Note de synthèse cyber souveraineté

La notion de cybersouverainté renvoie ainsi à la capacité des Etats à agir dans l’espace numérique et
à s’y faire respecter. En effet, le développement rapide du cyber espace a demandé aux états de répondre à de
nouveaux enjeux. Et s’il est aujourd’hui perçu comme un domaine a part entière de la stratégie militaire,
c’est qu’il est caractérisé par l’intangibilité de sa structure. C’est un milieu façonné par les interconnexions
entre différents systèmes d’information et de communication.
Bien que l’expression de souveraineté numérique ait été utilisée dès 2012 lors de la Conférence
mondiale des télécommunications internationales par la Chine pour revendiquer la restauration de leurs
"droits souverains" sur la gestion du réseau, c’est l’affaire Swoden qui vient lui donner tout son sens. En
effet, suite aux révélations du jeune informaticien sur les détails de plusieurs programmes de surveillance de
masse américains et britanniques, la cyber souveraineté devient une préoccupation internationale.
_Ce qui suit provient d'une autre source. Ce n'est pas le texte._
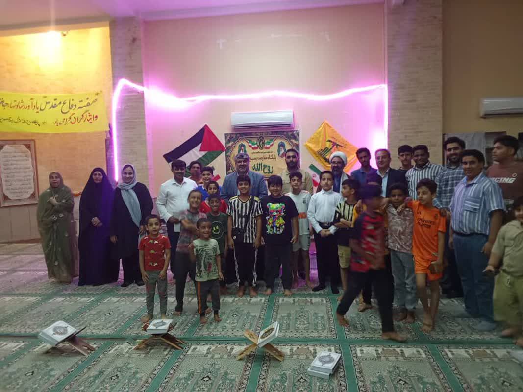 برگزاری محفل انس باقرآن به مناسبت هفته دفاع مقدس و گرامیداشت شهدای جنگ ۱۲ روزه به همت سازمان و پایگاه مقاومت بسیج روح الله شهرک راه آهن در محل مسجد النبی (ص) شهرک راه آهن با حضور رسول جهانداری رئیس سازمان فرهنگی اجتماعی ورزشی شهرداری بندرعباس، نصیری مدیرکل راه آهن هرمزگان ، احسان عاشوری فرمانده حوزه مقاومت بسیج شهید مدافع حرم عبدالحمید سالاری شهرک پیامبراعظم(ص)، حاج آقا پورنصیر فرمانده پایگاه، نوجوانان ، جوانان و خانواده ها

Cet
espionnage généralisé au profit des intérêts politiques et économiques américains conduit à une profonde
remise en cause du système de gouvernance des espaces numériques.
La notion de cyber souveraineté est désormais appréhendée de deux façons différentes. Elle peut
être vue comme un moyen d’assurer la sécurité d’un État (système de transport, données personnels), ou
alors comme un véritable moyen de censure en passant par la suppression d’information pour des intérêts
politiques notamment. C’est dans cette seconde hypothèse que le numérique pose de nombreuses
problématiques. En permettant à des acteurs transnationaux de disposer de moyens suffisamment
puissants pour corrompre les fonctions régaliennes de l’Etat, le cyberespace entraîne des conséquences
majeures pour assurer la gestion des données de milliards d’utilisateurs mais également le maintien de
l’ordre international.

En quoi l’ère du numérique est il venu poser de nouveaux défis aux états dans la préservation de
leur souveraineté nationale ?

Il s’agira d’identifier les difficultés que le cyberespace fait peser sur les États, puis de déterminer les
moyens mis en œuvre pour s’y confronter.

I- Le numérique, facteur d’affaiblissement de la souveraineté des Etats.

A/ Un système post-westphalien, défavorable à la suprématie des Etats.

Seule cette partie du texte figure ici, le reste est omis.